When Moffatt sued, Air Canada argued the chatbot was “a separate legal entity responsible for its own actions.” The British Columbia Civil Resolution Tribunal rejected this defense in its February 2024 decision. Tribunal member Christopher Rivers wrote: “It should be obvious to Air Canada that it is responsible for all the information on its website.”
The damages were $812 Canadian, but the case established that companies bear responsibility for their AI agents’ statements. Air Canada learned what its chatbot had been telling customers only when the lawsuit arrived. There was no audit chain reaching the customer-facing surface, no sampling of chatbot responses against policy, no visibility into the gap between what the system said and what the company’s policies allowed.
Tesla lacked enforcement at the gate, Air Canada lacked visibility into the action surface, and Allianz has both.
The Question That Remains
The productive question is where humans should be placed, doing what, and under what conditions they can actually exercise judgment rather than perform the appearance of oversight.

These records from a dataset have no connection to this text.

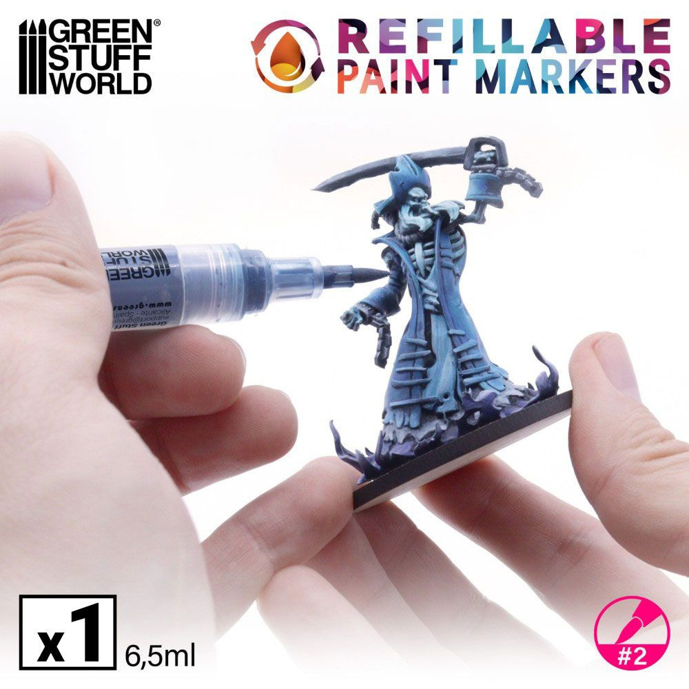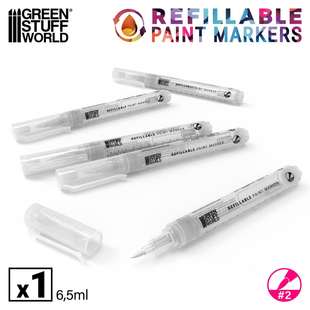 Green Stuff World utántölthető marker, 2.0-ás méret (1 db). Ideális alapozókhoz, bázisfestékekhez, wash-okhoz, tintákhoz és lakkokhoz. Újratölthető, egyenletes festékfolyást biztosít.
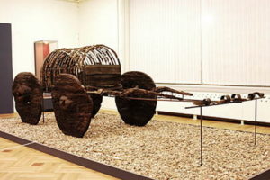 共和国広場前 5000年前の世界最古の革靴などを展示
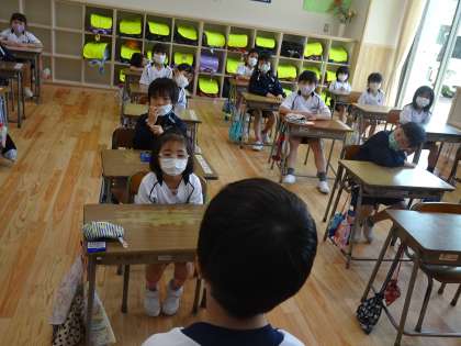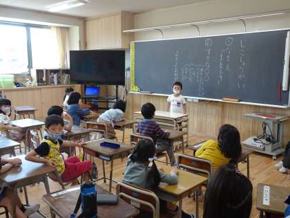 学校生活にも少しずつ慣れ始め、友達のことも気になり始めた1年生の子どもたち。学級ごとに自己紹介を行いました。
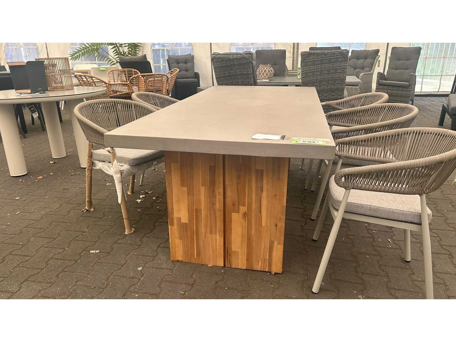 Het blad is gemaakt van polystone, een innovatief en duurzaam materiaal dat niet alleen lichtgewicht is, maar ook uitzonderlijk sterk en weerbestendig. Polystone is eenvoudig schoon te maken, bestand tegen krassen en kleurvast, waardoor het perfect is voor buitengebruik. Let op: Exclusief stoelen. Merk: Rock Model: Sand Acacia Vorm: rechthoek Lengte: 235cm Breedte: 95cm Hoogte: 77cm Materiaal: beton/acacia hout
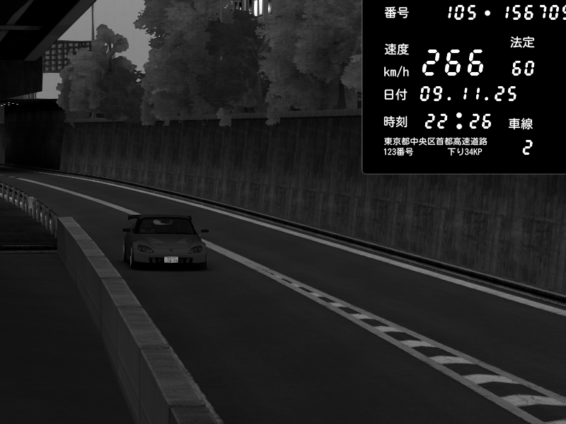 | 2025/11/09 22:26 | C1外回り 京橋 | 266 / 60 km/h | Honda S2000 (AP2 - Legendary) | CAPTURE |
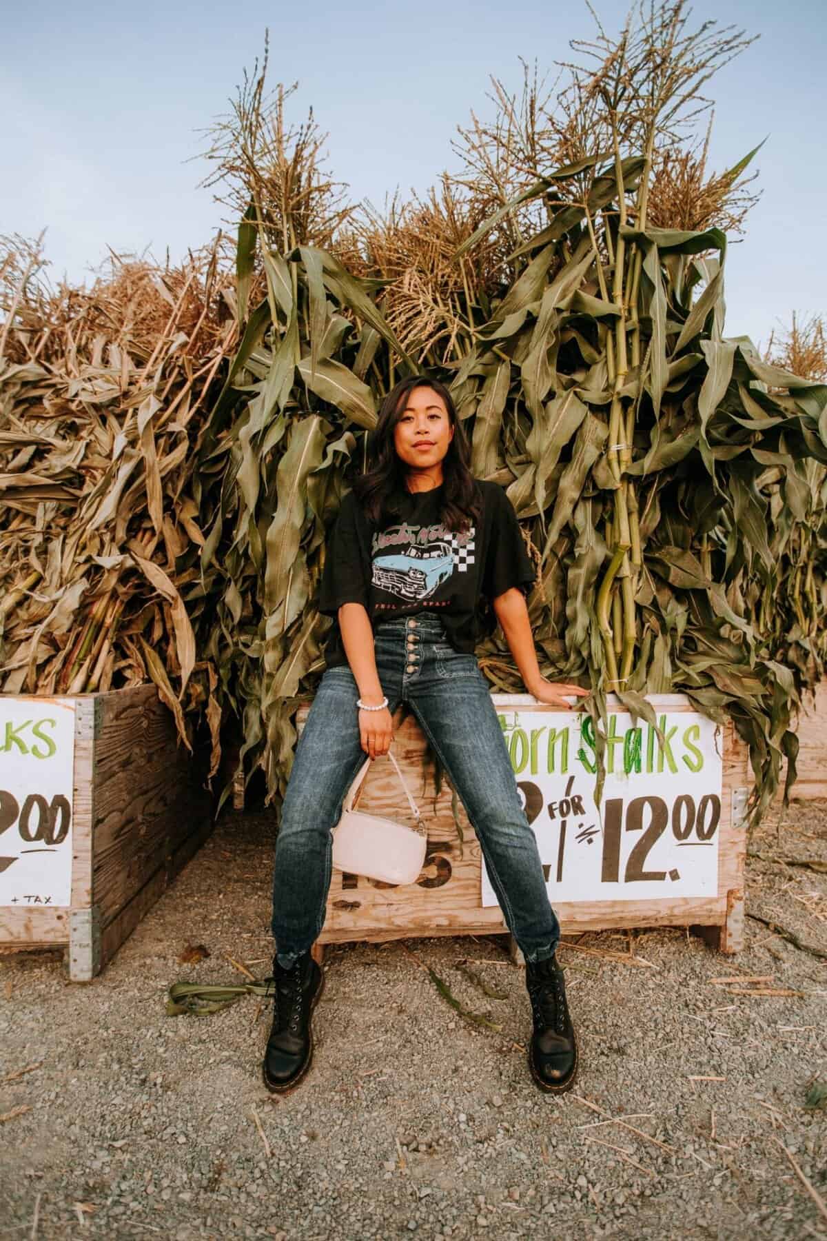 Embrace the essence of Seattle’s fall style with this effortlessly cool ensemble. A vintage-inspired graphic tee paired with high-waisted jeans and rugged combat boots creates the perfect balance of casual and edgy. This outfit is ideal for exploring Seattle’s numerous fall attractions, from pumpkin patches to corn mazes. The dark-hued tee and jeans offer a sleek backdrop for layering with cozy flannels or oversized cardigans as the temperature drops. Accessorize with a small crossbody bag for a touch of practicality. This versatile look embodies the laid-back yet fashion-forward spirit of PNW autumn style, making it a must-try for Seattle’s crisp fall days.
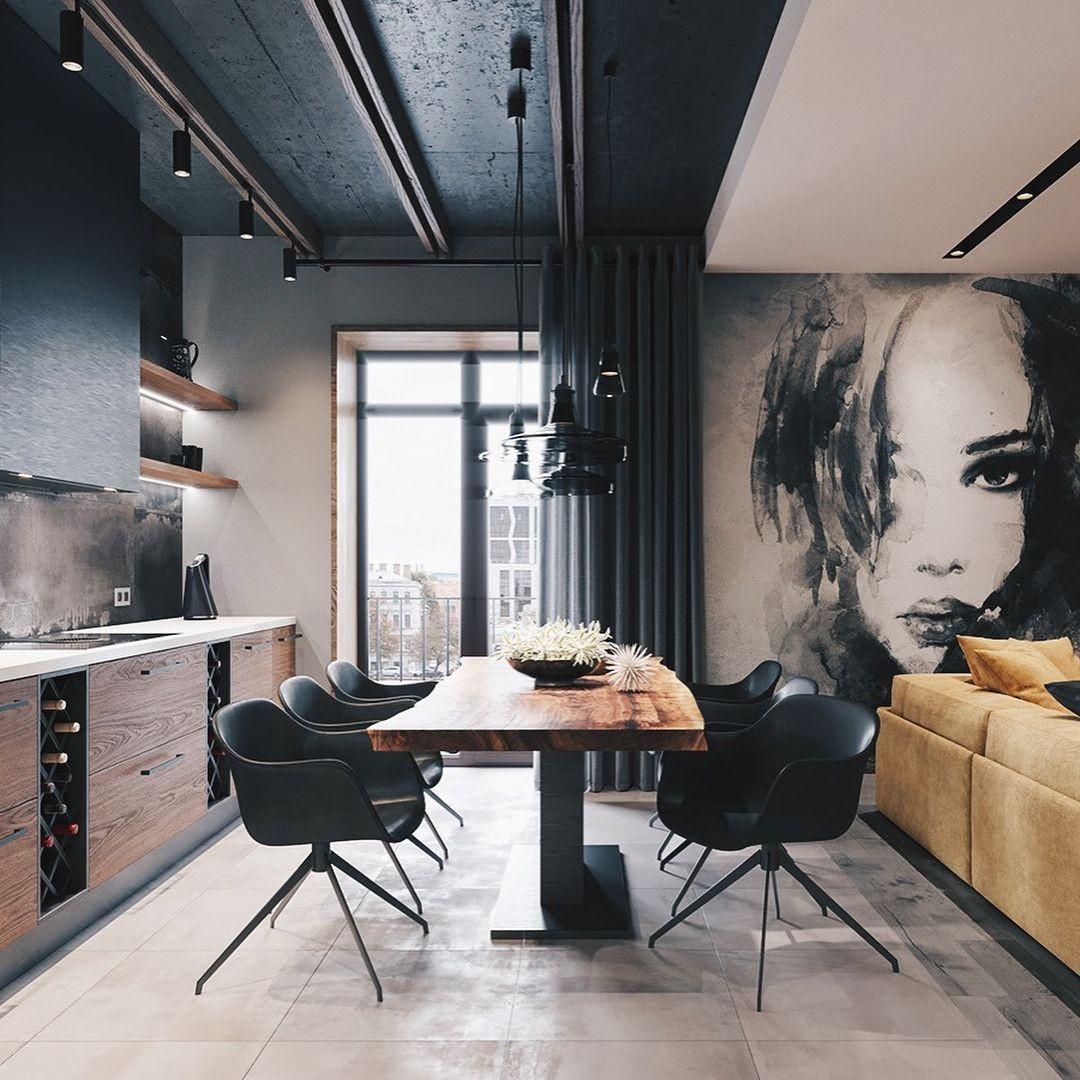 Интересная интерпретация стиля лофт. С одной стороны, кирпичная стена и довольно объемные лампы. Но с другой стороны в этих же лампах внутри спрятаны шикарные хрустальные люстры. А стену украшают голова оленя и рога из железа. В то же время бархатный диван и шелковые подушки и вовсе выбиваются из привычного понимания стиля лофт. Не смотря на все эти противоречия, дизайн интерьера выполнен прекрасно и кухня-гостиная выглядит очень стильно, привлекательно и необычно.

The Gate Test is built around that question, and it has two components. First, enforcement at the step: a mechanism that ensures attention, not a policy that requests it. Steering wheel torque sensors request attention; eye-tracking interlocks enforce it. Checkbox approvals request review; system architecture that blocks action until review is complete enforces it. Second, visibility before the cost: an audit chain that reaches the action surface before errors compound. If leadership first reads what the agent said in a lawsuit attachment, the visibility property is already missing.
Place the gate on the irreversible step with both properties, at a load humans can sustain, and the workflow has a structural basis for human oversight. Remove either property and human presence becomes ceremonial.
This is why human-in-the-loop is a design choice. Adding a human adds nothing if they can’t understand what the system did, can’t step in before the damage compounds, or can’t keep up with the volume. The relevant question is not “should there be a human?” but “can this human, at this step, with this information, actually change outcomes?”
When the answer is no, the human is not performing oversight. The human is absorbing liability, present to take blame when the system fails rather than to prevent the failure. The EU AI Act’s Article 14 now requires that high-risk AI systems be designed so humans can “effectively oversee” them, with specific provisions against automation bias. Regulators have recognized what the deployment failures demonstrated: the label “human-in-the-loop” means nothing without the architecture to make human judgment effective.
That’s why while building Jitera we designed context that works like memory, preserving what happened and why across sessions, and team-in-the-loop architecture that distributes oversight across roles instead of concentrating it in a single supervisor.
Where you place the human determines whether they act or watch.